So, what is ship life all about?

Well, that totally depends on your attitude!
If you arrive on board with an arrogant attitude and think you are god’s gift to speaking – you may very well have a problem. That’s not to say that you don’t get big egos onboard amongst the entertainers & speakers. I’ll never forget on one cruise we had a young 25-year old singer who stuck his name on the outside of his door (in a passenger area). I won’t use his whole name. “Hugh …… Male Guest Entertainer.” He had such an attitude that even the cruise director and captain where to scared to tell him to remove the letters off his door. So one night I changed the “h” of his name with an “E”, thus changing ‘Hugh” into “Huge”. It took him two days before he noticed this, and the letters came off.
Another time during a variety show a speciality act went 3 minutes over his allotted time, and the female singer following him lost it. She screamed at this act for taking away 3 minutes of her ‘limelight’! So, yes, it does happen - thankfully very rarely. These acts usually get worked out of the system quickly!

If you approach your whole contract from a nice friendly attitude, and do a few extra little things to make the passenger's cruise all that more unforgettable – you will have a blast.
Of course you can party every night and have a hangover every morning. Then again you can just sit around and get bored stiff, and eventually end up partying and getting drunk every night. Or you can be as promiscuous as possible and bed everyone you meet (yes that happens too). Or, you can plan your daily routine and use your time on board a ship fruitfully and constructively, and enjoy quality time with your fellow entertainers & speakers.

Besides making friends and meeting many great people, you will have the opportunity of making business contacts amongst the passengers. You also have the opportunity to see new, exciting and exotic places at someone else's expense. Besides improving and expanding your general knowledge, your whole outlook on life will be changed and your thinking will become so much more global once you have experienced all the different countries and cultures. Coupled with this, you will work and meet staff, entertainers and crew from all over the world on board – again broadening your horizon on different peoples and their cultures.

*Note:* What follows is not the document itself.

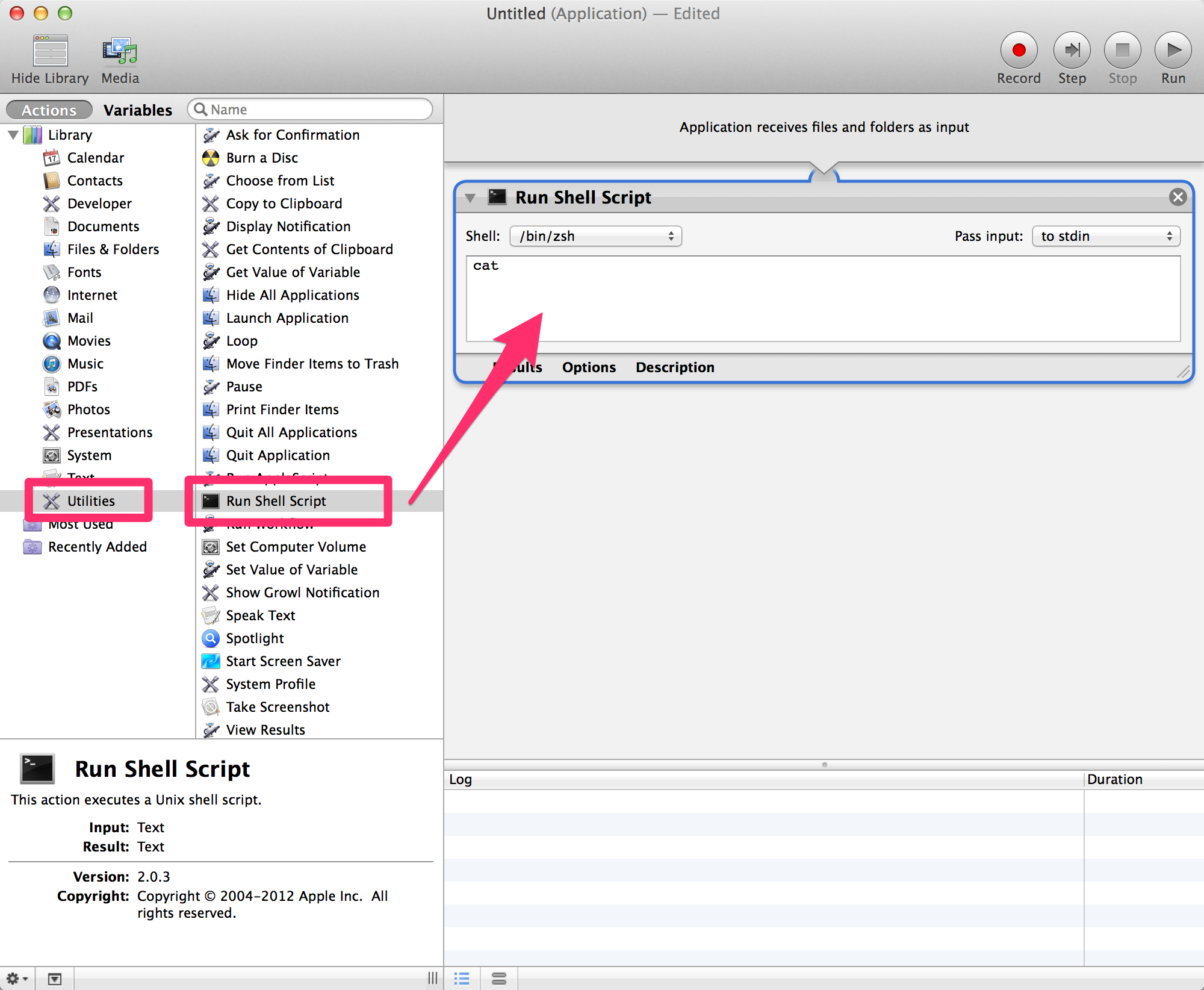 Automator will let you do a lot of things, but what we want is fairly minimal. Apple has some decent documentation on it as well, if you want to do something more basic. However, for our purposes, select the “Utilities” section, and find “Run Shell Script”. Double-click on it, and you’ll see it add an entry to the main window, like this:

They say that travelling is the “University of Life.” Absorb (like a sponge), and experience everything around you, and you will definitely grow as a person within.
As a dancer and singer, most ships have fixed production shows were you have to fit in. Thus there is a certain amount of repetitive work, over and above your cabaret spots. As a speciality act, e.g. comedian and magician, you are left very much on your own and basically do your regular normal acts. As a speaker, or lecturer, you will be working when the ship is at sea, thus have much time off to enjoy the sights and sounds of the cities and ports you dock in.

Working on ships is totally different from anything on land, as your audiences are usually international, elderly and come from all walks of life. At present the Americans are the majority of cruise ship passengers, and most cruise lines sail out of the USA. The most popular cruise areas and most densely populated with ships, are the Caribbean, followed by the Mediterranean, Baltic and Alaska. So most of your time will be spent in these parts of the world.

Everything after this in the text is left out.